Work required. The required output is the stretch from the line containing "- Polyester knit, printed, with" through the line containing "Uno de los favoritos" in the records below, unaltered and with no pictures.

Data to process.
____________________

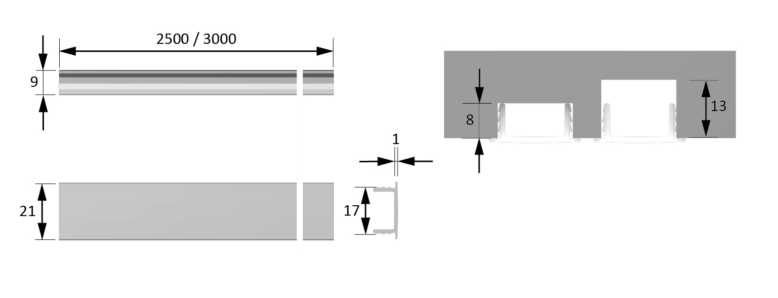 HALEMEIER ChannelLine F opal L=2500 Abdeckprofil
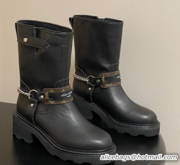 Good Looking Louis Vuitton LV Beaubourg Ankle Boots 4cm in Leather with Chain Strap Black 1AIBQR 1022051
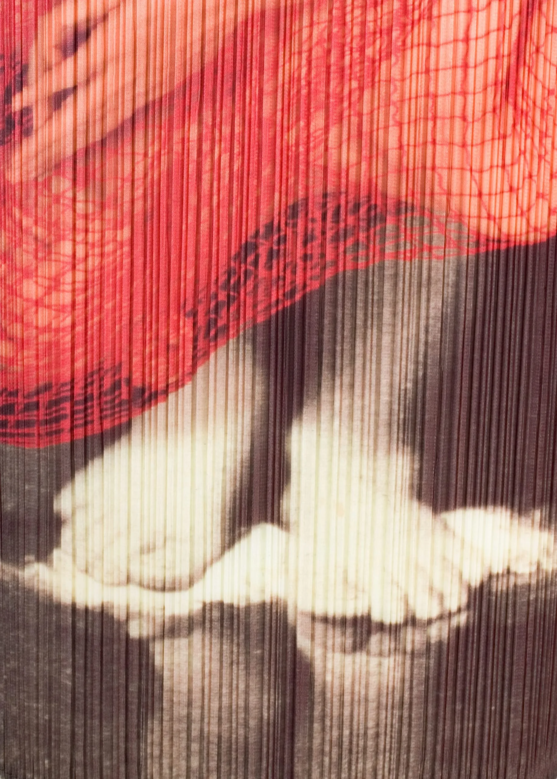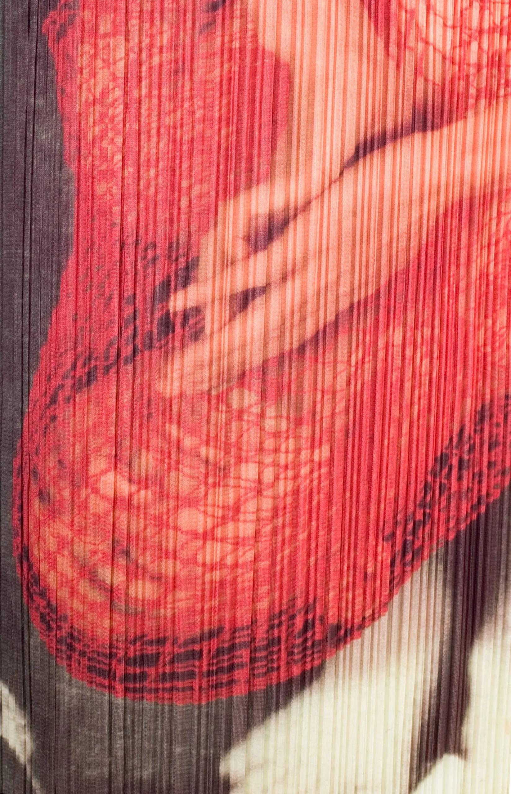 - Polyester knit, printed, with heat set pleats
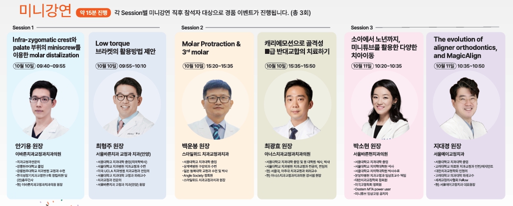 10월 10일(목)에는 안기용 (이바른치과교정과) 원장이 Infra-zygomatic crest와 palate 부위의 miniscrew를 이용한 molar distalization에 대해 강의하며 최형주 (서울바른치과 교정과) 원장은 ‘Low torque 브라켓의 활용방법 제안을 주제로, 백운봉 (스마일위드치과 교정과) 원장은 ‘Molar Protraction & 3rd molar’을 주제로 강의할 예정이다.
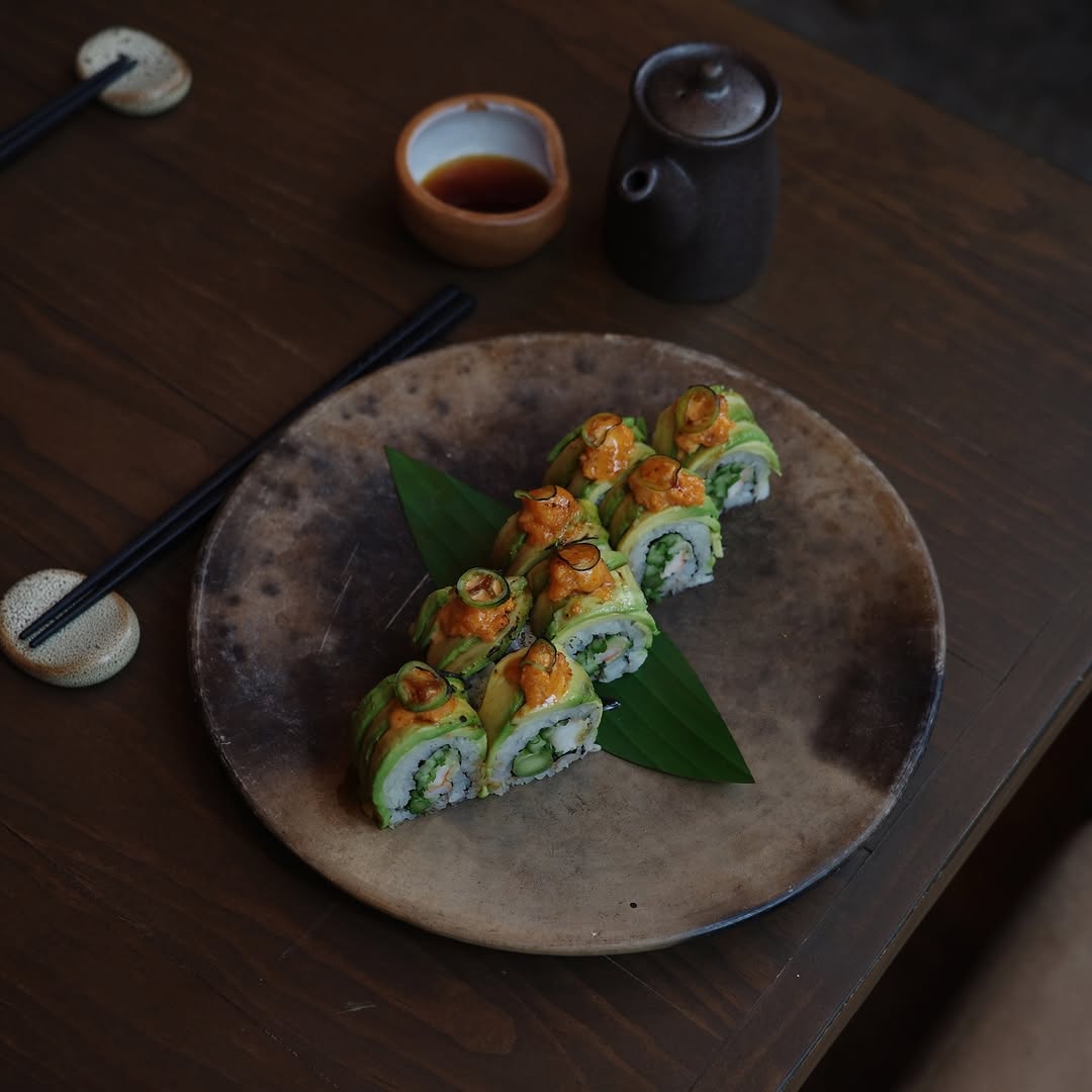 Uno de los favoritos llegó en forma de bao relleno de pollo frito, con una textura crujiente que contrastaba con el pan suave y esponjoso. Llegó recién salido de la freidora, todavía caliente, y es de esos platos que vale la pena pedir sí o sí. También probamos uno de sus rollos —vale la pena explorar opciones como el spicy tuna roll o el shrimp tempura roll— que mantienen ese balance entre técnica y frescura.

____________________

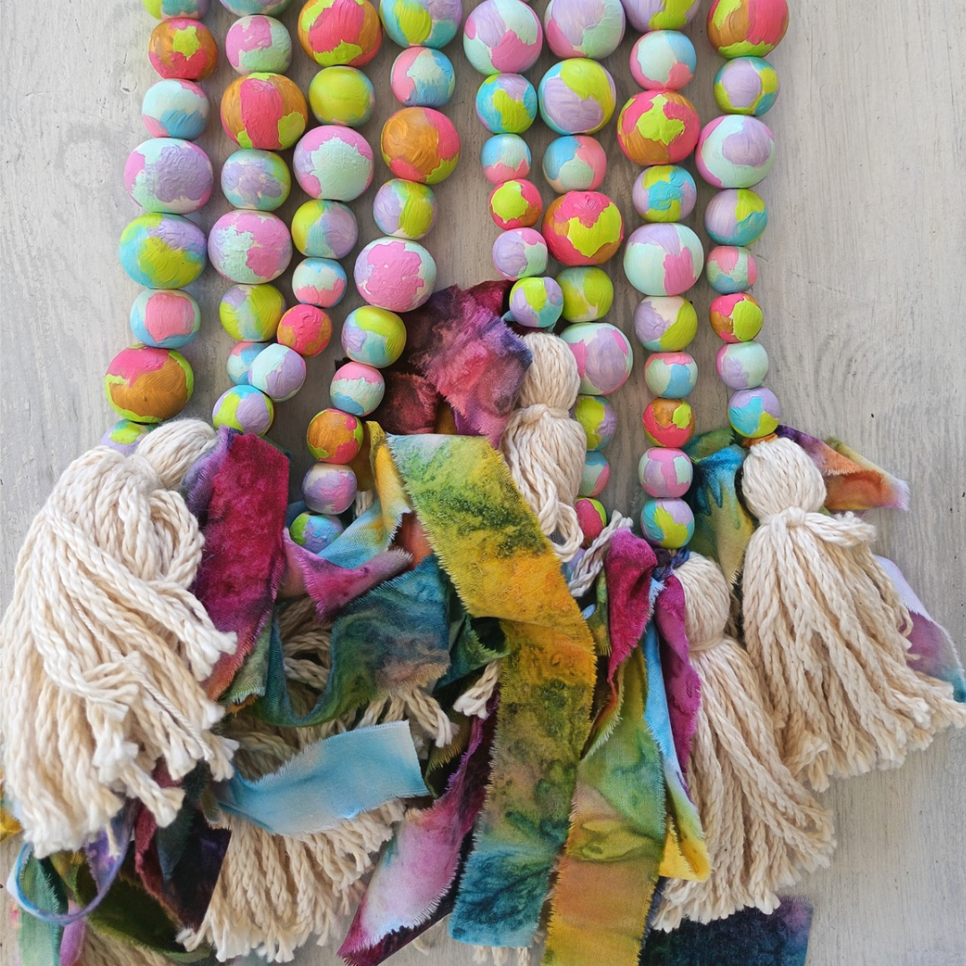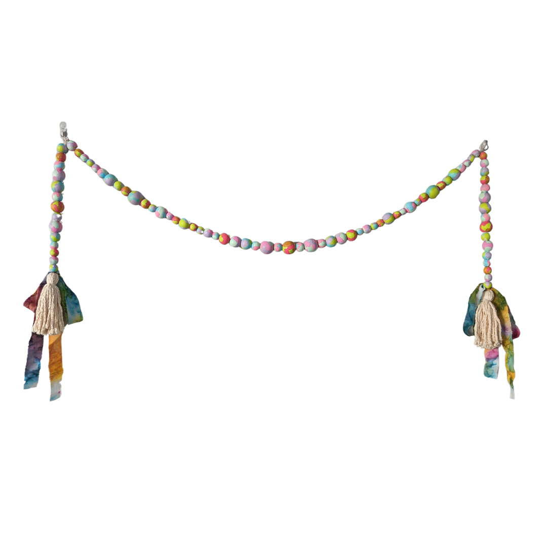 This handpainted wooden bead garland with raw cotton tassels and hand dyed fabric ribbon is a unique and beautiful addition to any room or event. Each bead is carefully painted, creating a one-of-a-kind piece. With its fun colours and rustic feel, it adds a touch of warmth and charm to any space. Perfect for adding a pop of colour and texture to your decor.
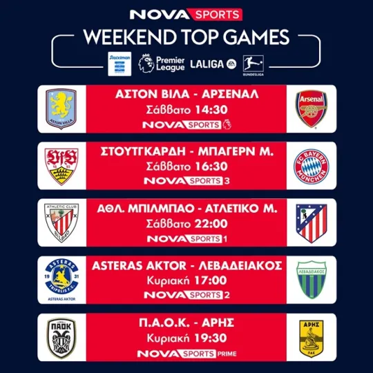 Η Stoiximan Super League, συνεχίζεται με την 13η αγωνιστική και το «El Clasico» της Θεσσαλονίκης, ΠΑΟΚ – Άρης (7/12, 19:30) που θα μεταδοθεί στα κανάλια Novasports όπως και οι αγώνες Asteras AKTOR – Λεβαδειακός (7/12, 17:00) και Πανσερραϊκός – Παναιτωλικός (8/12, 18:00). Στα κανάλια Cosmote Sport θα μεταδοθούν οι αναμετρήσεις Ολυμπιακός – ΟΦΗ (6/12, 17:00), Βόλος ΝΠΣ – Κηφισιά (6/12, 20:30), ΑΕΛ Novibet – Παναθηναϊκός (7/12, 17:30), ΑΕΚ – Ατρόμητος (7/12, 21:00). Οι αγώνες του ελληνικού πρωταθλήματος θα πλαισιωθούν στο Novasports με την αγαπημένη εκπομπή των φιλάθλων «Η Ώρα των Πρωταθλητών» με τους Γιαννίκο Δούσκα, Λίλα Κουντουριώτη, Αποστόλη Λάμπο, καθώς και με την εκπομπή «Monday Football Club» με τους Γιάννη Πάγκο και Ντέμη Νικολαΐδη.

____________________

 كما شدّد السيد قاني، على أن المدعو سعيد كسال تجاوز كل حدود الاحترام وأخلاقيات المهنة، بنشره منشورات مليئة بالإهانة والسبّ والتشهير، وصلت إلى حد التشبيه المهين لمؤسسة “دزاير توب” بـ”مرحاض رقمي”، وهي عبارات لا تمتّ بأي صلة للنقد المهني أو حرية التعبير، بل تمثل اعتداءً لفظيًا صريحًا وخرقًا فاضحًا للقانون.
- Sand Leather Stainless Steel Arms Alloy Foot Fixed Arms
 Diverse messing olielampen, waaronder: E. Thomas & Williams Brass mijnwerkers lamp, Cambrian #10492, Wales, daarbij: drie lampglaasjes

____________________

Solution to this problem.
 - Polyester knit, printed, with heat set pleats
 10월 10일(목)에는 안기용 (이바른치과교정과) 원장이 Infra-zygomatic crest와 palate 부위의 miniscrew를 이용한 molar distalization에 대해 강의하며 최형주 (서울바른치과 교정과) 원장은 ‘Low torque 브라켓의 활용방법 제안을 주제로, 백운봉 (스마일위드치과 교정과) 원장은 ‘Molar Protraction & 3rd molar’을 주제로 강의할 예정이다.
 Uno de los favoritos llegó en forma de bao relleno de pollo frito, con una textura crujiente que contrastaba con el pan suave y esponjoso. Llegó recién salido de la freidora, todavía caliente, y es de esos platos que vale la pena pedir sí o sí. También probamos uno de sus rollos —vale la pena explorar opciones como el spicy tuna roll o el shrimp tempura roll— que mantienen ese balance entre técnica y frescura.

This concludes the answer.